“It was a big radio array. But it was pointed outward—away from the sun, into interstellar space. Now, you’ve got to ask yourself: What’s the point of that?”
Lamont jerked away at the sensation of a hand falling on his shoulder. It was small and weathered.
“You’re shaking,” Madison observed. “You should sit down.”
With a gentle nudge, she led him to a stool at the bar of her kitchenette. She crossed around to the other side and, bending down momentarily, produced a green-tinted bottle and a shot glass. She filled it and pushed it in front of Lamont with two fingers, waiting patiently until Lamont lifted it and tossed the drink down his throat.
“Thanks,” he croaked, his shoulders slumping.
Crouching again, Madison retrieved a second glass. She filled it, then refilled the one that still rested between Lamont’s ink-stained fingers. She drank hers effortlessly, her eyes never leaving Lamont’s face.

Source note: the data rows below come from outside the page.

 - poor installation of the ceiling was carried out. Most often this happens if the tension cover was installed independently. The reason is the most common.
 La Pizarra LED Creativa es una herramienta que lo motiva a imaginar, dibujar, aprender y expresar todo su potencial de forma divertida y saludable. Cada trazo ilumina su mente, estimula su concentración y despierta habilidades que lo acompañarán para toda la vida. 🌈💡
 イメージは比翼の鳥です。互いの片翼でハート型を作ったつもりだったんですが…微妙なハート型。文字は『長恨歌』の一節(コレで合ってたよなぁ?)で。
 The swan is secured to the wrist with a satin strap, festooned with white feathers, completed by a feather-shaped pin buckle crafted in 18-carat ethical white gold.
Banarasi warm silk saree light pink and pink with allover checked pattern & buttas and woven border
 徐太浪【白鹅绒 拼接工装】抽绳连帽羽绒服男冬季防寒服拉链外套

“You could be one of them,” Lamont said, meeting her gaze steadily.
His neighbor tightened her lips, forming fine wrinkles around them, lifting her palms in a helpless gesture. “A communist spy? I could be.”
Lamont downed the second shot and set the glass down, inhaling deeply. It no longer trembled in his fingers. “That’s very good,” He admitted. “You didn’t get it in District 7.”

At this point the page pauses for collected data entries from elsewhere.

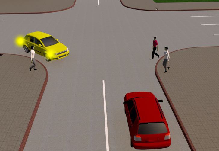 Как вы заметили с одной стороны желтый автомобиль должен уступить, с другой стороны пешеходы ему же не должны создавать помех. Получается равнозначное требование.
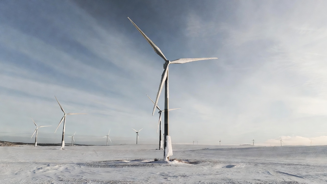 clean energy, clouds, cold weather, electricity, environment, field, frozen, ice, nature, outdoor, plain, power generation, renewable energy, sky, snow, snowy landscape, turbine blades, white turbines, wind farm, winter, wind turbines
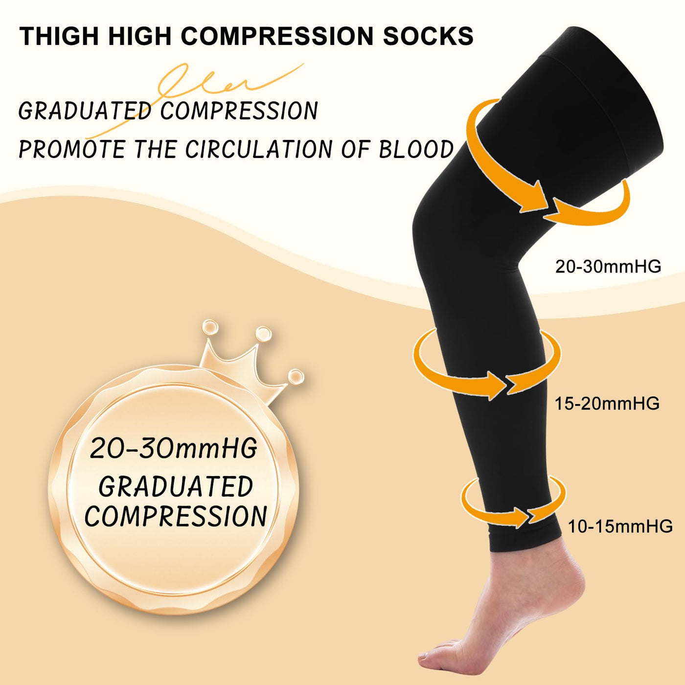 Thigh High Compression Socks Women & Men, 20-30mmHg Thigh High Compression Stockings, Compression Socks with Silicone Dot Band-Best for Varicose Veins, Swelling
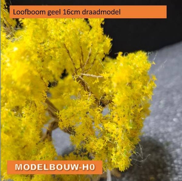 Loofboom geel 15 cm draadmodel met wortels en fraai afgewerkte stam, voor de liefhebbers van detail. Door het draad zijn de takken te buigen en aan te passen op de situatie waar de boom komt, zo kun je hem extra dicht bij een huis plaatsen als de takken omhoog zouden moeten. Kortom er is altijd plek voor deze opvallende verschijning op elke treintafel.

Madison smiled slightly. “No, I bought it outside the spaceport in Medusa Dome. First thing after my cargo was converted to gold bars at the trade market. I was saving it for the flight home.”
“Sorry,” Lamont said self-consciously.
Madison waved her hand. “I can get more. Besides, that was months ago. I never expected to be renting an apartment here.”

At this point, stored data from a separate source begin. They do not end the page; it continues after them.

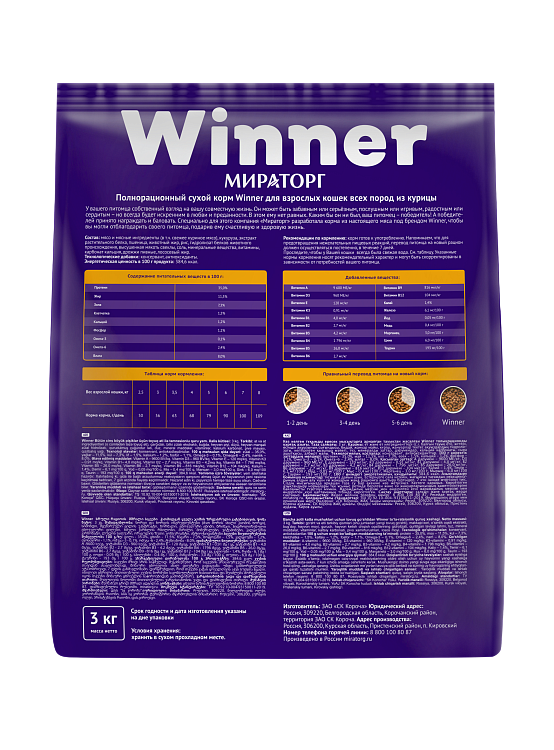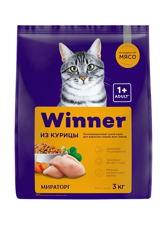 3кг Корм Мираторг Winner для взрослых кошек всех пород с Курицей
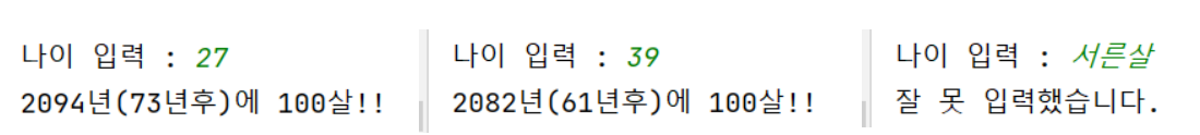 나의 나이가 100살 되는 해의 연도를 구하는 프로그램을 만들어보자.
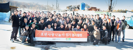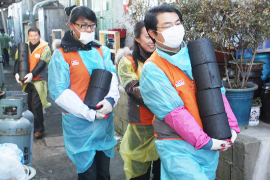 호반건설 전 임직원들이 매달 꾸준히 실천하는 사회 봉사활동의 일환으로 개포동 구룡마을(무허가 판자촌 지역)에서 소외계층인 개포1~4동 내 거주하는 국민기초생활수급권자 및 저소득 가정에게 월동지원을 위한 연탄을 후원하는 '사랑의 연탄배달' 행사가 진행됐습니다.
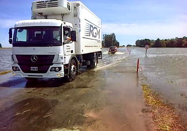 Los vehículos con precaución atraviesan alrededor de 200 metros de ruta cubierta con 20 o 30 centímetros de agua, permitiéndose el paso de a una mano por vez.
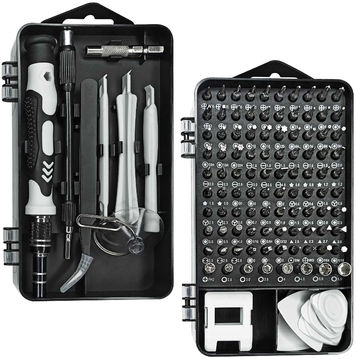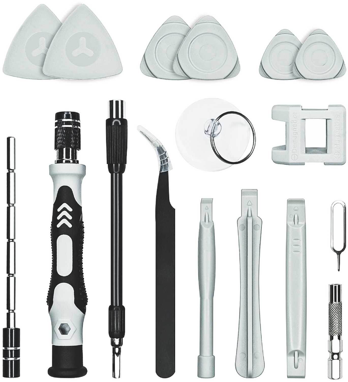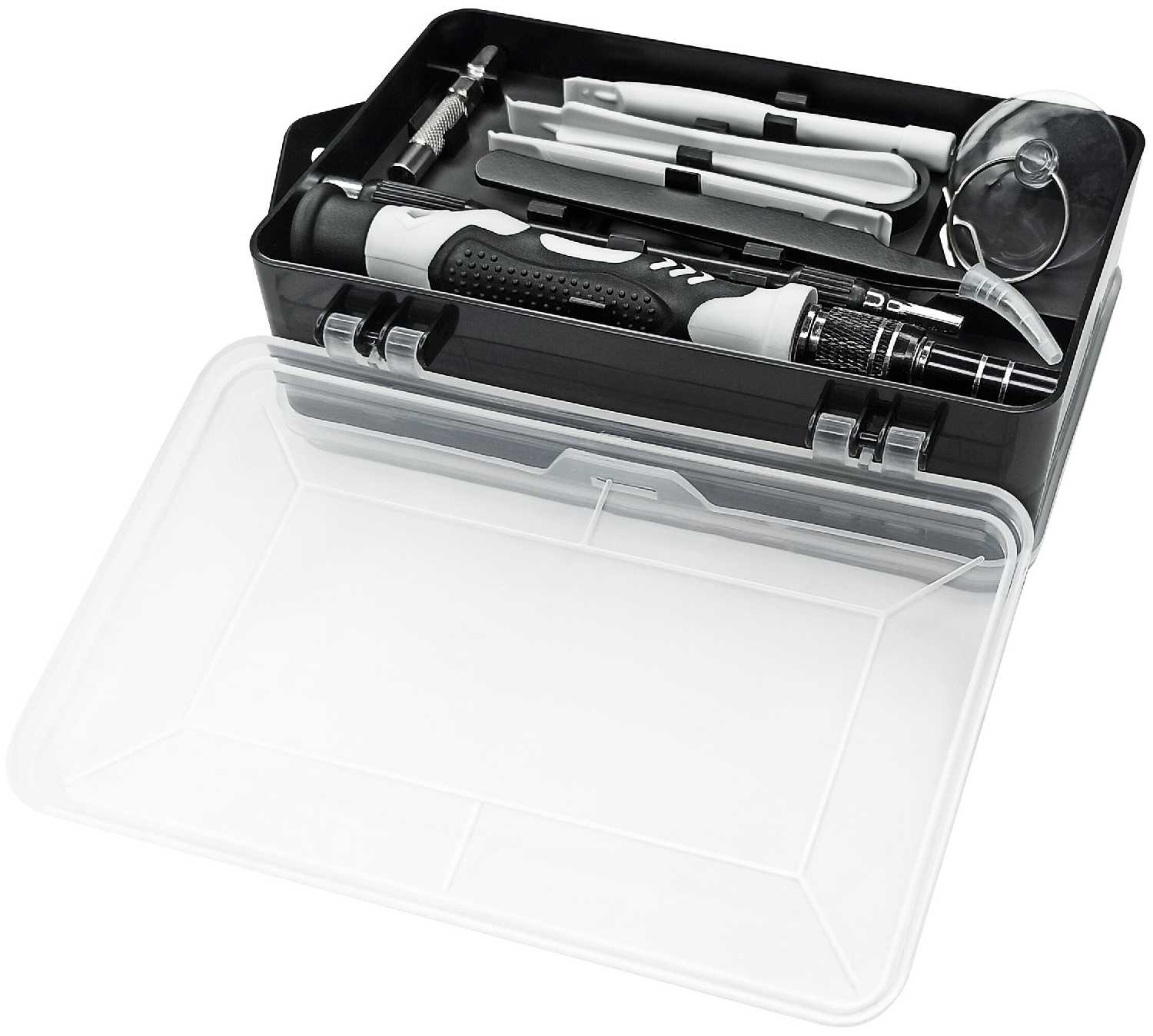 - Включает все необходимые виды насадок, включая дубликаты часто используемых (плоские, крестовые, Torx, шестигранные), что позволяет разбирать смартфоны, ноутбуки, ПК и геймпады без дополнительных покупок.

“What was the cargo?” Lamont asked.
“Mostly helium,” Madison answered eagerly, her eyes lighting up at the familiar subject. “Pressure-cubed for transport. Enough to buy a farm when I get back to Earth. I hear people are doing that now…”
The blinds glowed a sullen red with the approach of artificial sunset in the daylights outside. Madison’s apartment had taken on a warm coziness, the small points of light scattered across the ceiling appearing to drift like fireflies in Lamont’s peripheral vision. Madison had long since come to occupy the second stool at the bar, and the bottle between them was half-empty, sharing space with two stainless steel mugs that had been filled with strong coffee to balance things out.
“It’s a strange thing,” Madison was saying, her speech affecting more of what Lamont now recognized as a Louisiana drawl than it had when they had first met. “Tracking the new fusion models zipping back and forth between Mars and Jupiter, Mars and the Belt. I saw a few of them make a round trip while I was still just moseyin’ along. I’ll tell you, though, those first radio transmissions might’ve just saved my life. I must have sounded like a lunatic.”
“It can’t be that unusual to meet a prospector out there,” Lamont suggested. He had kept her talking for hours, describing the minute details of a decade spent in the outer Solar System, which he carefully absorbed, weighed, compared.
Madison shook her head. “The Asteroid Belt is still crawling with ‘em, of course. I picked up some radio traffic from Saturn, and now they’ve practically got cities orbiting Jupiter. That’s new. But it’s still rare to venture out to the ice giants. The first half of our—of my—trip back was just about silent.” She looked haunted at the thought.
“So the whole time you spent in orbit around Neptune was just you and your partner? You never saw anyone else?”
“There was one encounter,” Madison admitted, quickly draining the cold dregs at the bottom of her coffee mug. “It was a weird one. After our departure, we happened to notice that a station of some kind was being constructed in orbit around Triton. There was a big supply ship for it in orbit; we could see the United Space markings on the side. But they never responded to our radio calls.”
“That is strange,” Lamont agreed thoughtfully.
“It gets stranger,” Madison teased, leaning toward him conspiratorially. “I took some photos of the station. It was a big radio array. But it was pointed outward—away from the sun, into interstellar space. Now, you’ve got to ask yourself: What’s the point of that?”